O Produto Interno Bruto (PIB) de Santa Catarina cresceu 2,9% no acumulado dos 12 meses encerrados em março de 2026, segundo Boletim de Indicadores Econômico-Fiscais divulgado pela Secretaria de Estado do Planejamento (Seplan). O resultado ficou acima da média nacional, de 2% no mesmo período.
Os serviços foram o principal motor da economia catarinense, com alta de 4,1%, puxados pelos segmentos técnicos e profissionais (9,6%), pela administração pública (8,3%) e pelos serviços de informação (5,3%). A agropecuária avançou 3,1%, impulsionada pela pecuária, que cresceu 4,4% com recordes de faturamento na exportação de aves e suínos.
O comércio catarinense acumulou alta de 2,3% em 12 meses, contra 0,2% no país, o que coloca o estado na quinta posição entre as maiores economias brasileiras em crescimento do varejo. Na indústria, o desempenho foi desigual: a produção de alimentos cresceu 4,9%, beneficiada pela pecuária, enquanto a fabricação de veículos recuou 17% no período.

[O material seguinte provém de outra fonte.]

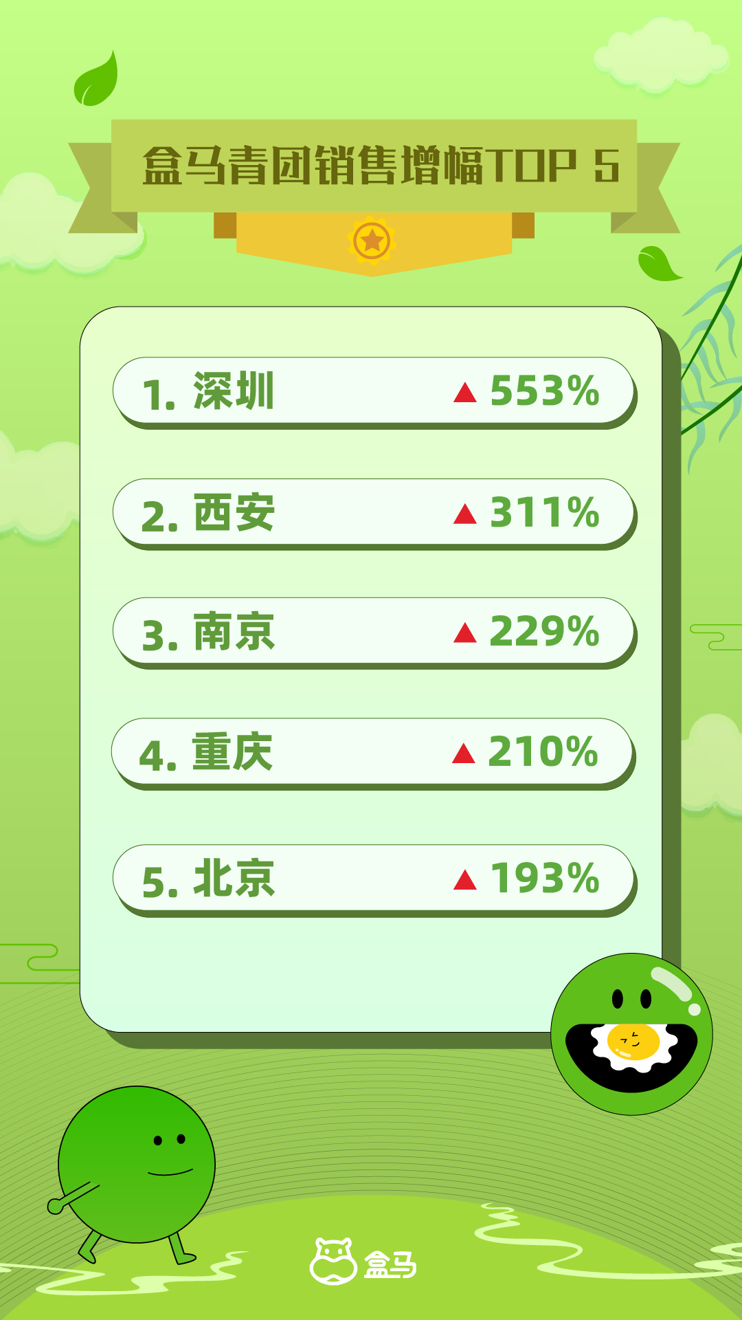 今年2月中旬盒马启动青团季,截至目前,深圳、西安、南京、重庆、北京是青团销售额增幅TOP5,增幅最大的深圳、西安,比去年同期增长了553%、311%。足见江浙沪以外区域消费者对青团的热情。

A indústria de transformação catarinense se manteve estável, ao passo que a nacional retraiu 0,9%, reflexo de juros altos, crédito restrito e do avanço de barreiras tarifárias no comércio internacional. No comércio exterior, a China se consolidou como principal destino das exportações catarinenses, enquanto Japão, México e Países Baixos ampliaram participação.
Santa Catarina também registrou a menor taxa de desocupação do Brasil no primeiro trimestre de 2026, de 2,7%, frente a uma média nacional de 6,1%. Até abril, o estado criou 63 mil vagas formais, o terceiro maior saldo do país, atrás de São Paulo e Minas Gerais, e o rendimento médio do trabalhador catarinense chegou a R$ 4.298, acima da média nacional de R$ 3.722.
“O mercado de trabalho continua sendo um dos principais pilares da economia catarinense. Santa Catarina mantém a menor taxa de desemprego do país, além de apresentar os menores índices de informalidade e subutilização da força de trabalho”, afirmou o secretário estadual do Planejamento, Arão Josino.